1. Focal Length of Plano-Convex Lens ($f_1$): Let's assume light enters the plano-convex lens through its plane surface. The radii of curvature are $R_1 = \infty$ and $R_2 = -R$ (using sign convention). Using the Lens Maker's formula: $\frac{1}{f_1} = (\mu_1 - 1) \left( \frac{1}{\infty} - \frac{1}{-R} \right) = \frac{\mu_1 - 1}{R}$.

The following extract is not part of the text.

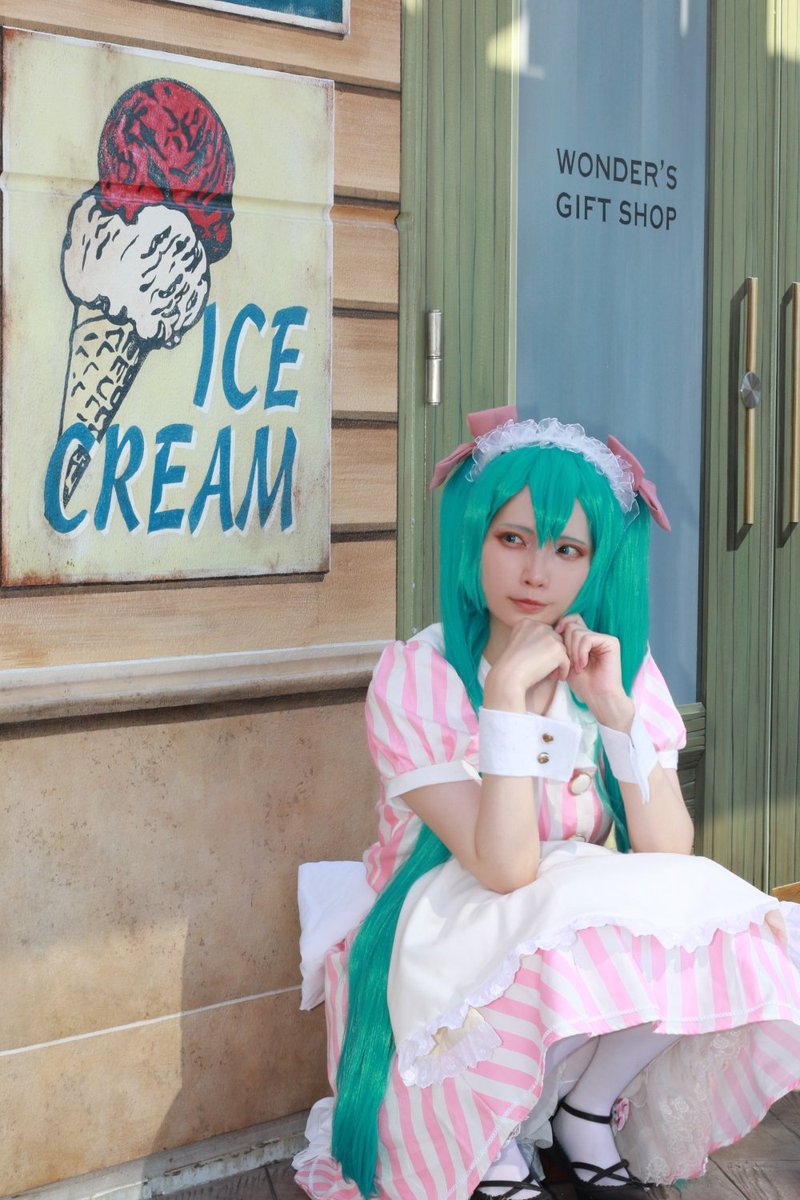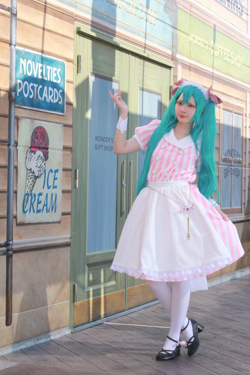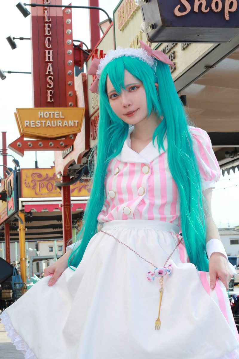 ※コスプレ 初音ミク🍬🍭コラボ衣装 あしかけPには前回もかみこすでミクちゃん撮影してもらってました😄👍 対戦ありがとうございます‼️✨ P︰あしかけ(@asikke) #アコスタセブンパーク天美

2. Focal Length of Plano-Concave Lens ($f_2$): The plano-concave lens fits exactly over the curved surface, so its curved surface has the same radius $R$ but is concave towards the incident light. The plane surfaces are parallel. Its radii are $R_1 = -R$ and $R_2 = \infty$. $\frac{1}{f_2} = (\mu_2 - 1) \left( \frac{1}{-R} - \frac{1}{\infty} \right) = -\frac{\mu_2 - 1}{R}$.

3. Equivalent Focal Length ($F$): Since the lenses are in contact, the equivalent focal length of the combination is obtained by adding their optical powers: $\frac{1}{F} = \frac{1}{f_1} + \frac{1}{f_2}$ $\frac{1}{F} = \frac{\mu_1 - 1}{R} - \frac{\mu_2 - 1}{R} = \frac{(\mu_1 - 1) - (\mu_2 - 1)}{R} = \frac{\mu_1 - \mu_2}{R}$.

Therefore, the focal length of the combination is $F = \frac{R}{\mu_1 - \mu_2}$.